5. Device according to claim 1, wherein the keypad equipped with the digits and letters is intended for use with mobile electronic devices.
6. Device according to claim 1, wherein the micro processor (13) is equipped with an interface to an display (14) and the keypad (11) constitutes one functional unit together with the micro processor (13) and the display (14).
7. Device according to claim 1, wherein the keys of the keypad (11) exhibit a concave key surface running from the left to the right side.
8. Device according to claim 1, wherein the keypad (11) consists of twelve keys, two keys being designated for toggling to special characters.
9. Device according to claim 1, wherein the sensors are composed of rocker switches (71), each key providing three activation positions that correspond to a pressure on the left side of this key, in the center of this key and the right side of this key.
10. Device according to claim 1, wherein the sensors are composed of pressure sensors (72) designed as two pressure-sensitive force-sensing resistors (FSR) per key that measure the applied force on the left and right side of a slightly movable key, making it possible to determine the position of the finger from the relation of the two measured values.
11. Device according to claim 1, wherein the sensors are composed of pressure sensors (73) designed as a pressure-sensitive force-sensing resistors (FSR) per key in the form of a strip that measures the position of applied force of the convex shaped bottom side of a slightly movable key on a base plate, making it possible to determine the position of the finger.
12. Device according to claim 1, wherein the sensors are composed of two strain gauges (74) per key that measure the force applied to the left and right side of a slightly movable key in order to determine the finger position.
13. Device according to claim 1, wherein the sensors are composed of two hall sensors (75) per key that measure the distances of a slightly movable key to a base plate in order to determine the finger position from the ratio of the measured values.
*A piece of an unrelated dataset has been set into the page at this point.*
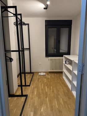The apartment has built-in wardrobes up to the ceiling, with deep and wide shelves and hanging parts:
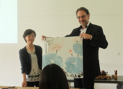 师生精选的节目富有民族特色,又有较高的文化水准,赢得了在场观众的喜爱。演出以杭州风光视频展示为始,向现场观众呈现了杭州的城市魅力。在《梁祝》的悠扬音乐中,两名学生向大家展示了中国传统民族服饰及舞蹈。师生们还为现场嘉宾表演了茶艺,并邀请观众共品香茗。书法表演和国画表演更是吸引了众多的年轻观众,大家纷纷围观,跃跃欲试。一名当地中学生在大家的鼓励下登台学艺,赢得了满堂喝彩。演出中,艺术学院老师还送上了了中国文化讲座《龙生九子》,向现场观众介绍了中国的龙文化。傣族独舞《孔雀归来》将演出带向高潮。艺术学院朱彦教授将她当场作的国画“荷韵”赠送给了埃尔福特应用科学大学孔子学院,德方院长瓦格纳教授向艺术学院赠送了孔子水晶塑像。

14. Device according to claim 1, wherein the sensors are composed of angle sensors (76) formed by two or more contacts per key that determine the angle of the activation of a slightly movable key from the position of closed contacts between an electrically conductive key bottom side and one or multiple conductive paths on a printed circuit board to compute the finger position.
15. Device according to claim 1, wherein the sensors are composed of a membrane keyboard (77) that contains one contact each for every letter of the corresponding key label, where these contacts identified with letters are combined in groups during numeric input, while these contacts are evaluated individually during text input.
16. Device according to claim 1, wherein the input of diacritical characters, i.e. umlauts and accented characters is achieved by pressing an activation key (46) and then another key, this second key having a mnemonic relationship to the specific letters on the key labels, leading to the input of a specified diacritical character.
17. Device according to claim 1, wherein the sensors measuring the key activation are located individually underneath the keys in case of an external sensor implementation or inside the keys at the left and right side of the keys in case of an integrated sensor implementation.
18. Device according to claim 1, wherein the keys inside the keypad (11) are tiltable against a pivot that lies parallel to the key surface.
19. Method for processing input impulses during text input by means of a device chosen from the group consisting of:
a device for inputting text by actuating keys of a numeric keypad for electronic devices, wherein underneath every key of the keypad (11) sensors are located that measure the user’s finger position on any key of the keypad (11) and micro controller (13) is provided that evaluates this position and associates it with one of the possible input alternatives; and
a device for inputting text by actuating keys of a numeric keypad for electronic devices, wherein the keypad (11) contains keys with integrated sensors (76) or switches measuring the user’s finger position, the keys consisting of a soft, deformable material and are built either from an electrically conductive material that changes its resistance upon pressure and has a high electrical resistance, or built with multiple layers, one layer consisting of an electrically conductive material chances its resistance upon pressure and has a high electrical resistance, where there are sensors (76) or switches integrated into the keys that measure the position of an activation of any key of the keypad and a micro processor (13) is provided that associates the determined position to one of one or many input alternatives and a display (14) is provided that shows the current input,
wherein special characters can be entered by pressing an activation key (46) first, leading to a display with an overview of all keys (61; 62) and their corresponding input choices, and then pressing a second key, whereas said overview disappears and the corresponding character from the overview is accepted as keypad input.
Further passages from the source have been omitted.